History, Just For Fun
Like everything else I'm making for Port Callus, the shops here are inspired by things I've seen walking around my new home of Porto, as well as things I've read about it. Since I'm designing a city inspired by Porto, I figured boning up on local history would be both helpful and entertaining, and I was right. Like a lot of older cities, Porto used to house a lot of thriving markets, many of them specialized-- like the Feira do Pão, a bread market that used to be just around the corner from where we stayed after first moving; and the Mercado do Peixe, which, as you might imagine, was a fish market.

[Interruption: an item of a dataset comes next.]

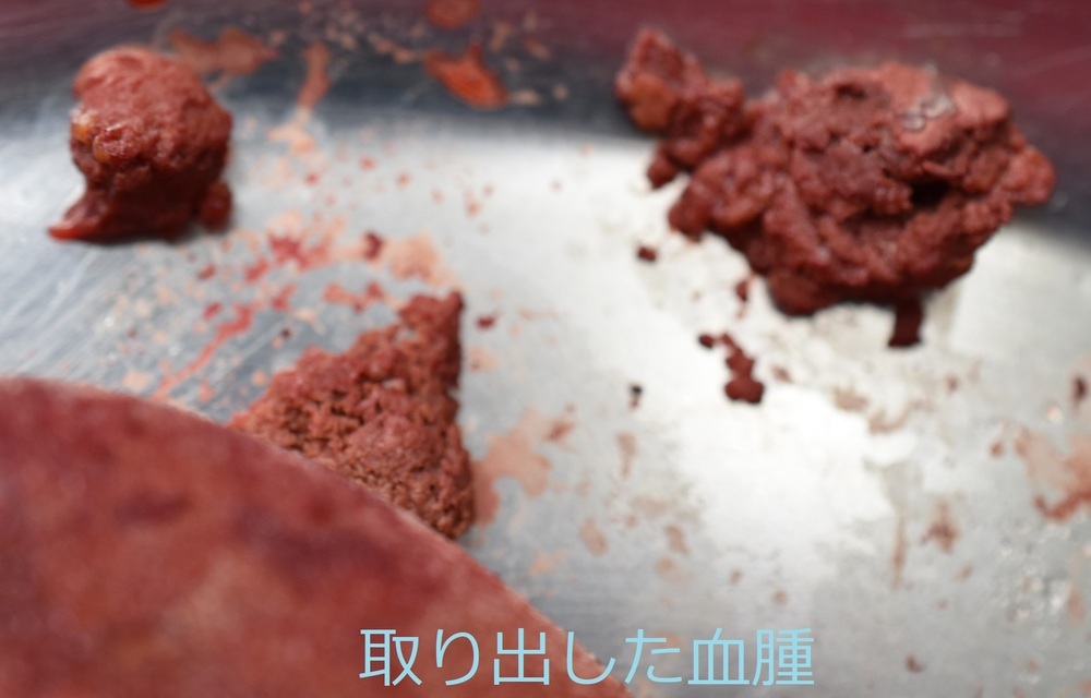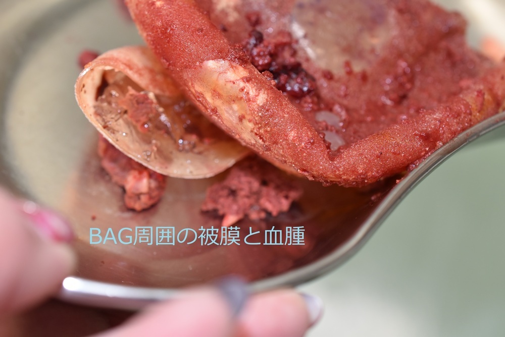 バッグ周囲には大量の血の塊と分厚い被膜を認めたため、可能な限り除去いたしました。以前よりも15%程度小さめのサイズのモティバを入れて終了としています。

It's hidden behind the stall, but the last building on the row on the left is actually a Taco Bell now.
Unfortunately, a growing population, increased economic pressures, and stricter city government meant a slow decline for the old markets. As Porto grew, City Hall wanted the markets moved away from the nicer parts of the city that they'd helped make so economically successful. But while that was a problem, the real death-knell for most of the small specialty markets were the rise of larger, all-in-one markets. Usually large buildings designed to house lots of smaller stalls, this is where the city's government consolidated the smaller markets they kicked off the streets. Of course, in a turn of irony, so many of these markets would eventually be rendered obsolete by large malls and box stores.
This isn't to say that Porto has no markets though! On the contrary, there are about a half-dozen large-scale markets like the Mercado do Bolhão and Mercado Beira-Rio, where you can buy fresh fruits, vegetables, fish, wine, and everything else. And there are dozens of small-scale, open-air markets scattered around the city (usually referred to as feiras, from what I can tell). So while markets not be as common as they were in the heydays of the mid-1800s, there are still a lot of them in the city, especially the older portions (and so a lot of inspiration to be had by walking around them).